The Scripture references spirit, soul, and body in various locations. However, most trichotomists, like Nee, stress two particular Scriptures. First, the writer of Hebrews states that “the word of God is living and active, sharper than any two-edged sword, piercing to the division of soul and of spirit, of joints and of marrow, and discerning the thoughts and intentions of the heart” (Hebrews 4:12). Christian dualists, who hold that the soul and spirit are part of the same essence, argue that “this apparent contrast between the soul and spirit to be a figure of speech describing the power of the Word of God…it can, as it were, divide the indivisible.” What of the other biblical reference often purported by trichotomists?
Second, Paul’s petition for the Thessalonians is referenced where Paul prays, “Now may the God of peace himself sanctify you completely, and may your whole spirit and soul and body be kept blameless at the coming of our Lord Jesus Christ” (1 Thessalonians 5:23). The trichotomist will claim that the spirit and soul are divided, thus they must be separate entities within the human construct. Again, Geisler offers a rebuttal claiming that the text “refers to all these dimensions as being part of one whole [sic].” What does one make of Nee’s claims?

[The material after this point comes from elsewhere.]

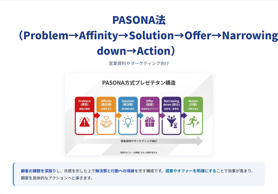 PASONA法(Problem→Affinity→Solution→Offer→Narrowing down→Action)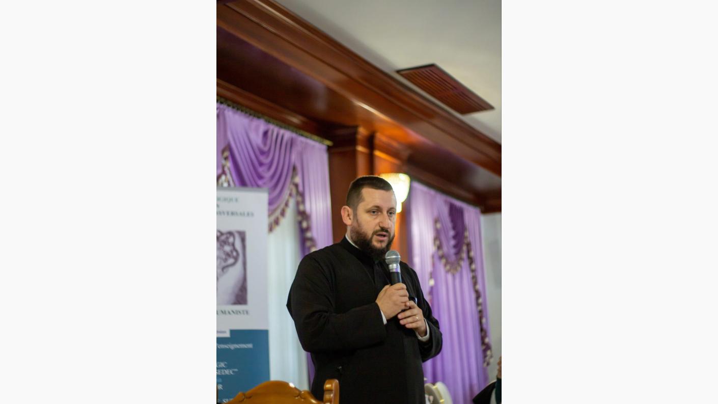 La eveniment a luat parte Înaltpreasfințitul Ioachim, Arhiepiscopul Romanului și Bacăului, care a subliniat necesitatea înțelegerii umanismului și a componentelor sale educative pornind de la învățătura lăsată de Mântuitorul Iisus Hristos: „Astăzi ne aflăm în fața unei provocări, pe care cu siguranță cei prezenți o vor transforma în șansă, și anume preocuparea umanistă, care nu poate exista fără aspectul ei spiritual. O povestire din Franța, din perioada industrializării, ne spune că un duhovnic povățuia anumiți tineri aplecați spre umanism să privească mereu către Dumnezeu, chiar dacă El este nevăzut. Deși nu puteau să-l vadă cu ochii pământești, ei erau îndrumați să privească spre Dumnezeu ca spre un prieten al lor. Dintre aceștia, un tânăr a urmat sfaturile duhovnicului, iar Dumnezeu i-a vorbit spunându-i că dragostea către celălalt este cea care ne mântuiește. Astfel, prin prezența noastră astăzi, asistăm la o binecuvântare a acestei întâlniri și este important să reținem că voi, tinerii, trebuie să mențineți această fereastră deschisă a inimii și să puneți un filtru, ca să nu intre nimic dăunător în ceea ce vreți să deveniți voi, anume niște oameni întru context mai mare și multicultural”.

On the one hand, a person must acknowledge the differences listed in the aforementioned texts. It does not appear that the division of soul and spirit can easily be cast off as mere figures of speech. But on the other hand, many difficulties arise when the soul and spirit are separated to extreme measures. For instance, if the soul represents the mind and the spirit represents the eternal nature of the person, would the person remain conscious in the intermediate state? What happened to Jesus after giving up his spirit (John 19:30)? Did the soulish part of Jesus’ existence become non-existent between the time of his death and resurrection?

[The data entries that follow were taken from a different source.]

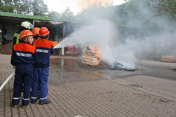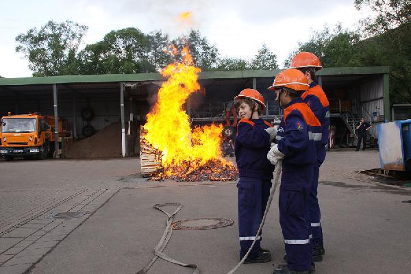 Auch die Jugendfeuerwehr hatte einen großen Auftritt: Vor zahlreichen Zuschauern rückten sie mit Blaulicht und Martinshorn an, um ein richtiges Feuer zu löschen. Besonders die jungen Zuschauer waren dabei "Feuer und Flamme" und bestaunten mit großen Augen die Übung.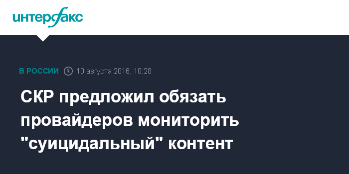 Москва. 10 августа. INTERFAX.RU - СКР предлагает принять меры к тому, чтобы интернет-провайдеры и операторы не размещали на своих ресурсах опасный контент, провоцирующий подростковые суициды.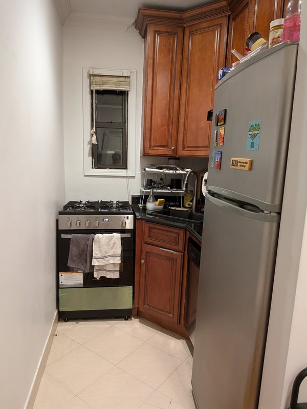The room comfortably fits a queen bed, desk and has a closet. The rooms are on the opposite side providing privacy. The kitchen is well equipped with a full-sized stove, fridge, dishwasher & microwave. The apartment also has a lot of storage space.

This paper holds that it is best to consider the person’s immaterial being (soul/spirit) as one entity, but holding separate functions. The spirit serves to function as the immaterial portion of the person that communes with God, whereas the soul is the immaterial portion of the person that holds the mind, will, and emotions. Nee is correct to note that the mind must be transformed by the Spirit of God. However, such an admonition does not necessitate an extreme tripartite view. Perhaps Geisler in correct in noting that human beings are “three in direction: They have self-consciousness, world-consciousness, and God-consciousness.” This paper agrees with Geisler’s view as the theory eliminates the problems that stem from extreme tripartism, yet still notes the distinctives of the spirit and soul within the metaphysical aspect of the person.
Copyright. January 26th, 2016. Brian Chilton.
Adeney, D. “Nee, Watchman,” Who’s Who in Christian History. Edited by J.D. Douglas and Philip W. Comfort. Wheaton: Tyndale House, 1992.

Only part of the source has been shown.